Die Geschichte des Schmucks

Die Geschichte des Schmucks ist so alt wie es Menschen gibt. Bereits die Urzeitmenschen versuchten ihre Vorzüge durch Schmuck hervor zu heben, in dem sich zum Beispiel die Frauen und Mädchen Blüten oder Federn ins Haar steckten oder sich Blumenketten und Armbänder umhingen.

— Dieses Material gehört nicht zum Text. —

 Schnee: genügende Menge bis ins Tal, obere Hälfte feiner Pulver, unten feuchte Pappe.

Dies Blumen und Federn sorgten dafür, dass sich der Urzeitmann mehr als einmal nach einem hübschen Wesen umsah und es dann später als Partnerin nahm.
Später kamen dann zu den Blumen, Blüten und Federn noch hübsche bunte Steine, Muscheln etc. dazu und bei den Männern wurde es Mode sich mit Zähnen und Knochen erlegter Tiere zu behängen um zu demonstrieren, was für ein toller Mann und guter Jäger man doch sei.

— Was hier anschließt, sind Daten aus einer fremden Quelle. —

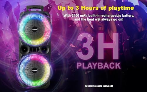 POWERFUL PRO SOUND PARTY SPEAKER: Immerse yourself in the dynamic power output of our portable bluetooth party speaker. Designed to deliver deep bass, crisp mids, and crystal-clear highs, it creates an audio experience that captivates and energizes, making every moment unforgettable. Comes with microphone and remote control

Je mehr die Menschen lernten und sich veränderten, desto mehr Schmuckstücke konnten sie herstellen, in dem sie auch andere Materialien verarbeiteten.

Schmuck heute

Heutzutage tragen Männer und Frauen ebenfalls noch weiterhin Schmuck um sich zu schmücken, nur sind es keine Blüten, Blumen und Blätter etc. mehr, sondern es werden dekorative Schmuckstücke aus den unterschiedlichsten Materialien, wie z. B. aus Bernstein, hergestellt, so zum Beispiel aus Gold, Silber, Titan, Kunststoff, Eisen, Kupfer, Bronze, Elfenbein, Korallen, Perlen, Edelsteinen, Juwelen, Holz, Platin usw. Der Mensch heute besitzt die Materialien, die entsprechenden Werkzeuge und das Können um die wunderbarsten Schmuckstücke für Sie und Ihn herzustellen wie zum Beispiel Ringe jeder Art wie etwa Trauringe, Verlobungsringe, Zehenringe, Daumenringe, Eheringe, Partnerringe; Ketten, Armbänder, Ohrringe, Modeschmuck aller Art, Piercings usw.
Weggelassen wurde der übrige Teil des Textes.